Either paired-end or single-end reads may be merged with a UMI Fastq file.

UMIs can be merged into sequence read Fastq files in three ways:

  1. SAM attribute in Fastq comment Inserted as standard SAM attribute tags RX and QX in the read header. This is compatible with e.g. BWA, Bowties2 aligners. DEFAULT.

  2. SAM attribute in unaligned Bam format Exported as an unaligned SAM/BAM format with RX and QX attribute tags. This is compatible with e.g. Bowtie2, STAR, BWA, and Novoalign. Use the --bam option.

  3. Append to name Appended to the read name as “:UMI_sequence”. This is compatible with all aligners but requires special software to utilize. Non-standard. Use the --name option.

Alignments can be de-duplicated utilizing the UMI codes with external software. See bam_umi_dedup.pl in this software package, or Picard ‘UmiAwareMarkDuplicatesWithMateCigar’ as possibilities.

External utilities may be required for execution, inlcuding pigz and/or gzip, and samtools. These are searched for in your environment PATH.
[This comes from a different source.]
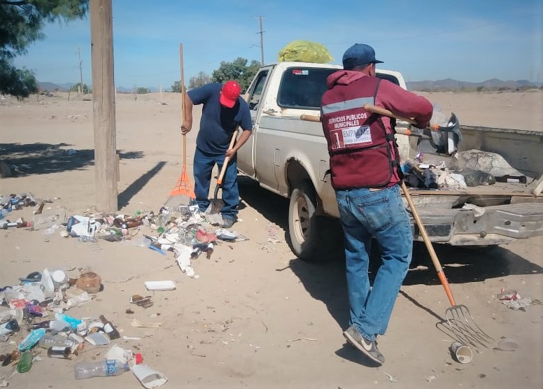 Este martes, trabajadores de Servicios Públicos Municipales en Empalme, limpiaban la playa El Cochórit, donde cada semana santa se llena de gente local y visitantes de Chihuahua.

Read and UMI Fastq files may be empirically determined based on size and name.

VERSION: 1.01

USAGE:

merge_umi_fastq.pl *.fastq.gz

merge_umi_fastq.pl -1 R1.fq.gz -2 R2.fq.gz -u UMI.fq.gz -o unaligned.bam

OPTIONS

Input:

-1 --read1 <file>     First fastq read
-2 --read2 <file>     Second fastq read, optional
-u --umi <file>       UMI fastq read
-U --umi2 <file>      Second UMI fastq file, optional

Output:

-o --out <file>       Output file (base)name (input basename)
                        use 'stdout' for (interleaved) piping
-b --bam              Write output as unaligned BAM format
                        or SAM format if stdout or samtools unavailable 
-n --name             Append UMI to read name instead of SAM tag RX

Other:

--samtools <path>     Path to samtools (/usr/local/bin/samtools)
-h --help             Show full description and help